One of our clients is asking questions about FICA for a SERP she will be receiving a benefit from. The SERP benefit is the difference between what her benefit would be in the DB plan if no limits applied and what she has accrued in the DB. The SERP document does not have any references to vesting or forfeiture of benefits. She is approaching retirement and has been told that FICA applies at retirement to the present value of her plan benefit. The amount of the FICA amounts to about 15 months of payments. She is being told the plan will offset her monthly benefits by the amount of FICA paid until the entire FICA amount has been recouped. Then, she will start receiving monthly payments in about 16 months. Does this information sound correct?

Posted

15 months sounds high because the tax should probably be exclusively or almost exclusively the 1.45% Medicare amount. Also, a 100% offset until recovery is a little chintzy, in my opinion, but I suppose the SERP could be written that way. Bottom line is, you need to see the calculation of the estimated FICA and Medicare taxes to be paid at retirement AND find out what the SERP document says about the financing of the employee share of these taxes.

Posted

They are calculating FICA as 7.65%. I'm not sure if she will have other income subject to FICA this year.

There is nothing in the SERP document about FICA or taxes in general. It does have a reference that benefits payable shall be subject to additional provisions set forth in one or both of the Rabbi Trust agreements used to provide benefits. I don't have a copy of either trust agreement. Is FICA something that would typically be addressed in the Rabbi Trust agreement?

Posted

See IRC 3121 for definition of "wages". Note that (a)(5)(A) exempts payments from a qualified plan. Next read 3121(v) for references to NQ plans. Note especially, (v)(2)(A), and its reference to "substantial risk of forfeiture" (ie, vesting).

Bottom line: NQ plan benefits are (generally) subject to taxation as wages.

Hey, but I'm not giving you tax advice.

I'm a retirement actuary. Nothing about my comments is intended or should be construed as investment, tax, legal or accounting advice. Occasionally, but not all the time, it might be reasonable to interpret my comments as actuarial or consulting advice.

Posted

Thank you for the replies. I'd already seen one of David's prior posts with those cites. So, I was expecting to see FICA applied when the benefit vested or if not, when the payments were made. My first thought was that maybe the SERP benefits vested at retirement. We requested a copy of the document, but as mentioned above, there is nothing in the SERP document addressing vesting.

I don't want to provide tax advice either, but I've been asked to look at this to see if it warrants further inquiry.

Posted

Kevin,

just an opinion: if the document is silent on vesting, you may have to look to other sources of information. Likely, the first source is whether there is a precedent for another participant.

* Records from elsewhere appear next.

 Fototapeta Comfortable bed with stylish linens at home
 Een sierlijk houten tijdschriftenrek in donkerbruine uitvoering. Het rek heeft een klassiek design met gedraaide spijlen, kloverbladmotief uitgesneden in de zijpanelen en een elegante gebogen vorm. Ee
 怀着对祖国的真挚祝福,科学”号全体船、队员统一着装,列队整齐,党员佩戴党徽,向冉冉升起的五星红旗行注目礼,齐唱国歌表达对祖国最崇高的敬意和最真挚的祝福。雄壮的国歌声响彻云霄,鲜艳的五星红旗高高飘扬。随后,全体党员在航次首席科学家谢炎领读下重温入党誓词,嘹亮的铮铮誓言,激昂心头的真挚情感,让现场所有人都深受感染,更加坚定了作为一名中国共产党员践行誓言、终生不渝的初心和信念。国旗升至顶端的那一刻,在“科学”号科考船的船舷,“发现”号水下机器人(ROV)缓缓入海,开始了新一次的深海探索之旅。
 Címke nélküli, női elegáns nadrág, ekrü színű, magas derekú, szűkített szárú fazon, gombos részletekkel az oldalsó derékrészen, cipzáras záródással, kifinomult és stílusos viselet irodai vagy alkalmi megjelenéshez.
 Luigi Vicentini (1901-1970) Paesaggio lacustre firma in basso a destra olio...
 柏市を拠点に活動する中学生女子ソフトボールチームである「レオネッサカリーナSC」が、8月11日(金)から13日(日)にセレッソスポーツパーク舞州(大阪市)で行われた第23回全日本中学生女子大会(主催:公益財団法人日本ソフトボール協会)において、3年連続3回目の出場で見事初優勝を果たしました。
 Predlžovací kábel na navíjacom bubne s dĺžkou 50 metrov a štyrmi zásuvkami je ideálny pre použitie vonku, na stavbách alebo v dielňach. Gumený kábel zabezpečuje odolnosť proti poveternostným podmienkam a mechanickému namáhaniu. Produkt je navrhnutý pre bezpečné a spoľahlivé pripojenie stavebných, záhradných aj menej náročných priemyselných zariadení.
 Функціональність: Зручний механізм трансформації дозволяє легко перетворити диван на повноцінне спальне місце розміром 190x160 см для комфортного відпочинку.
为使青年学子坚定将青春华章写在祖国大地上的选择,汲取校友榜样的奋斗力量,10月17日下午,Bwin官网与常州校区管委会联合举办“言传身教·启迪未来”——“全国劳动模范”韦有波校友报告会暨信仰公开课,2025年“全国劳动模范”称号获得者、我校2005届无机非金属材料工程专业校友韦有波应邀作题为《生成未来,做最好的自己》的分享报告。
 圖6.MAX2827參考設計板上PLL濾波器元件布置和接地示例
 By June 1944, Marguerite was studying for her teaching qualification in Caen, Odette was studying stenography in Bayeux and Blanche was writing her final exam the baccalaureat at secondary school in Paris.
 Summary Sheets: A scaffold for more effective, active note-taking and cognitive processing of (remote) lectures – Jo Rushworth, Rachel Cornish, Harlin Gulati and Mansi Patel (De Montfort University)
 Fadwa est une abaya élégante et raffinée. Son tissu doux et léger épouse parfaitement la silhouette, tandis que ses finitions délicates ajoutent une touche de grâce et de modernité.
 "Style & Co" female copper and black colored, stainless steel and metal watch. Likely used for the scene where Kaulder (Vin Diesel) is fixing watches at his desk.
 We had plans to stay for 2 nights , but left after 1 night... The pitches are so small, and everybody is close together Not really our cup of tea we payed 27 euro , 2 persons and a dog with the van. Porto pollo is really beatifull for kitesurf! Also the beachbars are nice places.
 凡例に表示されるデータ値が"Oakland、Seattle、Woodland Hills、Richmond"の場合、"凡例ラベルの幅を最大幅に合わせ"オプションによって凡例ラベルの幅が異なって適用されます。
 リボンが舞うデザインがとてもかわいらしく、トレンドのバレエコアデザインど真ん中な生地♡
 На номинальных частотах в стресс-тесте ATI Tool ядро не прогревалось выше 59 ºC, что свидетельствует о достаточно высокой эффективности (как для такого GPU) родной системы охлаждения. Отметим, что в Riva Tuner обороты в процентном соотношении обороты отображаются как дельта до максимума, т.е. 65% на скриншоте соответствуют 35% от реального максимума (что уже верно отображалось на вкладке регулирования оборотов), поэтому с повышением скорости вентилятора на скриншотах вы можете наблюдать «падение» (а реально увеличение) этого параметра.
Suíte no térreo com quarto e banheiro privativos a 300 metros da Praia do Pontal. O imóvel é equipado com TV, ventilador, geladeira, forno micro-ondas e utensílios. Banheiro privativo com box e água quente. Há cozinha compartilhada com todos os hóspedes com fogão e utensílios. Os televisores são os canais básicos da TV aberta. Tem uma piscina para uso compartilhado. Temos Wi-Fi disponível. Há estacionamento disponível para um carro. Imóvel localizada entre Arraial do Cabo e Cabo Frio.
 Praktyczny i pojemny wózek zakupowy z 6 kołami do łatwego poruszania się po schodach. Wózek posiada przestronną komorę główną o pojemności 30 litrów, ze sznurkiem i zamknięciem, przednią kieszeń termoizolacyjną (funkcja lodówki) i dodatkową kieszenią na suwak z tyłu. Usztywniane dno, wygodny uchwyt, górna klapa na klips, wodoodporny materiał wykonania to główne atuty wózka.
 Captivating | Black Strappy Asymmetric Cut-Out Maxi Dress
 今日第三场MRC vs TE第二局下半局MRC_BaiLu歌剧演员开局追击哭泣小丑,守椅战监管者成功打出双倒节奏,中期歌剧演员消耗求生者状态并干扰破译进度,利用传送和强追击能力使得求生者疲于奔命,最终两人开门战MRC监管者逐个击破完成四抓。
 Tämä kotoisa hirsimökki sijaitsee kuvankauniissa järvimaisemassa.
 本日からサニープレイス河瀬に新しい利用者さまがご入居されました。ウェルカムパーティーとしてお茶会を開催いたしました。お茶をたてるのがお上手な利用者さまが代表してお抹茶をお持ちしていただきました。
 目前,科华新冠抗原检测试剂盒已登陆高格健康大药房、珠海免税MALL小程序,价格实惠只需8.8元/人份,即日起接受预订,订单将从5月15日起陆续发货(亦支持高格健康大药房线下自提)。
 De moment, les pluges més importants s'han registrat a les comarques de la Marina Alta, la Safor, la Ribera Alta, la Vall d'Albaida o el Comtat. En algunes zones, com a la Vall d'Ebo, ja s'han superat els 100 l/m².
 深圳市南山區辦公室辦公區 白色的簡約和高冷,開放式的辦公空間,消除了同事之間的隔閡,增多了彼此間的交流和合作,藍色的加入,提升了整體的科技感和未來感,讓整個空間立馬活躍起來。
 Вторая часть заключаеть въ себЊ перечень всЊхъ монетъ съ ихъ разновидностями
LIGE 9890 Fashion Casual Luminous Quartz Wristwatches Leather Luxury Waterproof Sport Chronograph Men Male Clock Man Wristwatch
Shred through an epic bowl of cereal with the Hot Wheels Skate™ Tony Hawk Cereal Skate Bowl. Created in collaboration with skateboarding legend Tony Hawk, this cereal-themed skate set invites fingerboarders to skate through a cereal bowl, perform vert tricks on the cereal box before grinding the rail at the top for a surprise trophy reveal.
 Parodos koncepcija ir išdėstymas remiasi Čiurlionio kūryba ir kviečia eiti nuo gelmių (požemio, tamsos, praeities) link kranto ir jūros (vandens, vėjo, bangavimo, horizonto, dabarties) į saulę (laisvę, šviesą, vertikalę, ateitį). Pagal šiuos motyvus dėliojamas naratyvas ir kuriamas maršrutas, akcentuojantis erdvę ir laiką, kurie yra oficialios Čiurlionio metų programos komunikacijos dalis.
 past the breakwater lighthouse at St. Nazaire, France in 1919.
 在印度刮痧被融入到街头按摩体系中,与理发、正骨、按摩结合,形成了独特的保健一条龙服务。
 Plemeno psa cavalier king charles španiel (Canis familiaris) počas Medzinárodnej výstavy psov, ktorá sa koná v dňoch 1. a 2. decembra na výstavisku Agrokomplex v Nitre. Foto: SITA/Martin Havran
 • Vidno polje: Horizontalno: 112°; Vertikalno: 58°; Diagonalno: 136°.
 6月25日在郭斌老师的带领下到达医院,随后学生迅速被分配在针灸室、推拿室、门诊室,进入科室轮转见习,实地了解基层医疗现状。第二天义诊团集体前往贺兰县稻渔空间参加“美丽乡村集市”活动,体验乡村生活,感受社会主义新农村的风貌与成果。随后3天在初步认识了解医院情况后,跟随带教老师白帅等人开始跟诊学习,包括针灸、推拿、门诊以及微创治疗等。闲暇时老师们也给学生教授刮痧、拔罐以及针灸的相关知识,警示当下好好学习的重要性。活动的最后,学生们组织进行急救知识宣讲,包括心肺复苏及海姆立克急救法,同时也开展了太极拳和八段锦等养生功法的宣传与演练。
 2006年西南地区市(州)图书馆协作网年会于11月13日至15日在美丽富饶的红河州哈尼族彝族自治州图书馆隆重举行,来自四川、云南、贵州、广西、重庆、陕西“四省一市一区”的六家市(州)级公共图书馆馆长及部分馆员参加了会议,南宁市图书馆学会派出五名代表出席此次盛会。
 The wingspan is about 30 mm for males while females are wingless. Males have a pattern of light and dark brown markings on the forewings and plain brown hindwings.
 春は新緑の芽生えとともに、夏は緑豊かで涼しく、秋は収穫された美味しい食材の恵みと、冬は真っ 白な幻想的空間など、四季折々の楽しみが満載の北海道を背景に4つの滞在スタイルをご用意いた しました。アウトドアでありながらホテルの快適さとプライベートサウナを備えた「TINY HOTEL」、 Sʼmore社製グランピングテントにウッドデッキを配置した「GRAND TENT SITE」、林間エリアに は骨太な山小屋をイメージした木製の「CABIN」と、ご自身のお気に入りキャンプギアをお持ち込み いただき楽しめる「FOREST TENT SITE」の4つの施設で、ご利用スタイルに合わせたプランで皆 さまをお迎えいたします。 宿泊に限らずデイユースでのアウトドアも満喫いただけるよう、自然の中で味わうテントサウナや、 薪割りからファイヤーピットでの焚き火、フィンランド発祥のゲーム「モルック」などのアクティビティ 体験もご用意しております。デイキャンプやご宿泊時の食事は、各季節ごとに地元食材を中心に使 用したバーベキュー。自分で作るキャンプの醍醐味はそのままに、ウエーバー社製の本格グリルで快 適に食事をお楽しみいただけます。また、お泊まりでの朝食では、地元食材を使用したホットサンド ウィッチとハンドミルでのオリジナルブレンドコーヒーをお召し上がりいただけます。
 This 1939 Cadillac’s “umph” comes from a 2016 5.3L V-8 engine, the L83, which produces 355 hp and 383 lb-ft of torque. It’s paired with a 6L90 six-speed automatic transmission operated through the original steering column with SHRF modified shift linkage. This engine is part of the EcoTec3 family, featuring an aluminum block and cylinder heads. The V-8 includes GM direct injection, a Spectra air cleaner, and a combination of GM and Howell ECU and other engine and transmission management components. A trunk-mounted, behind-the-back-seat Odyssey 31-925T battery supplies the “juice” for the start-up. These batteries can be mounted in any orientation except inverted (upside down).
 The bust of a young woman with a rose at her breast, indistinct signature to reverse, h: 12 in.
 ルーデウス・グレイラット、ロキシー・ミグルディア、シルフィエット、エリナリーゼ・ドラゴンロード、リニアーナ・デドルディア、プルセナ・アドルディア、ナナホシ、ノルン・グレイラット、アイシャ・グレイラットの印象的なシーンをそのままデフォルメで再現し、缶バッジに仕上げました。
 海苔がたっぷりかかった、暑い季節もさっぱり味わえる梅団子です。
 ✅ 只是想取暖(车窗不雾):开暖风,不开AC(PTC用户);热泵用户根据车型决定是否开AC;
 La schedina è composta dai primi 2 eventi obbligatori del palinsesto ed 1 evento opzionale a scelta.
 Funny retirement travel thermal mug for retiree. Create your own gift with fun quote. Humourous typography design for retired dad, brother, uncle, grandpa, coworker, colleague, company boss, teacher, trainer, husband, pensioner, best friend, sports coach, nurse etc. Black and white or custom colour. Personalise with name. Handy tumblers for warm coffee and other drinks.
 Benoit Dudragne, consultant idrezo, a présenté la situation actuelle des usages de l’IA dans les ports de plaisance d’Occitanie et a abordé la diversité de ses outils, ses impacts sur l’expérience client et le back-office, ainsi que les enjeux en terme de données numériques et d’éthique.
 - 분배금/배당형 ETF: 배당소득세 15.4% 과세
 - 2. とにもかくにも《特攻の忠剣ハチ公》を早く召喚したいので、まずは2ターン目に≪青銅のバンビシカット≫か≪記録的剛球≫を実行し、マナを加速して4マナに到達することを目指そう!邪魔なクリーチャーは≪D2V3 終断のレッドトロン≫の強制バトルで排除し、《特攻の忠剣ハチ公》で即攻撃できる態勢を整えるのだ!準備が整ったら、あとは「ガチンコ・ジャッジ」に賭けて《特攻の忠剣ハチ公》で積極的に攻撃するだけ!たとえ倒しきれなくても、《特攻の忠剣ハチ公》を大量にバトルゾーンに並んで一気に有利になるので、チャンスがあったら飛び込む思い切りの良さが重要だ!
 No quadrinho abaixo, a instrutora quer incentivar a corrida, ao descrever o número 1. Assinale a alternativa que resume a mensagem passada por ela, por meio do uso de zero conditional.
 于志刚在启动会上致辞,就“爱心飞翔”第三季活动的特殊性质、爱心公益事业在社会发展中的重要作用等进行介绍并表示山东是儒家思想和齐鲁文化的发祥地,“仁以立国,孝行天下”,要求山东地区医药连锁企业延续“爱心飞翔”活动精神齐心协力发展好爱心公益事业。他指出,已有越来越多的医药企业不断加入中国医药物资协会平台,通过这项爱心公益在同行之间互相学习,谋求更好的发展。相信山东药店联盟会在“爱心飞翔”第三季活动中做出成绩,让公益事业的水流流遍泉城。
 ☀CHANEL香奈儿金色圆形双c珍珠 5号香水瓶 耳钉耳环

If nothing else is available, the result might be as you imply: vested at retirement date. However, if the plan has an Early retirement date (that applies to this person), it will be difficult to claim vesting occurs at Normal retirement date.

I'm a retirement actuary. Nothing about my comments is intended or should be construed as investment, tax, legal or accounting advice. Occasionally, but not all the time, it might be reasonable to interpret my comments as actuarial or consulting advice.

Posted

When it comes to nonaccount balance plans, timing of FICA is less an issue of vesting than it is when the benefit is "readily ascertainable". Given the SERP is based on the QP amount, subjecting the present value of the expected benefits to FICA at the time the benefit is calculable (no more salary increases or YOS to worry about) sounds reasonable. Course, I don't give tax advice either, blah, blah, blah.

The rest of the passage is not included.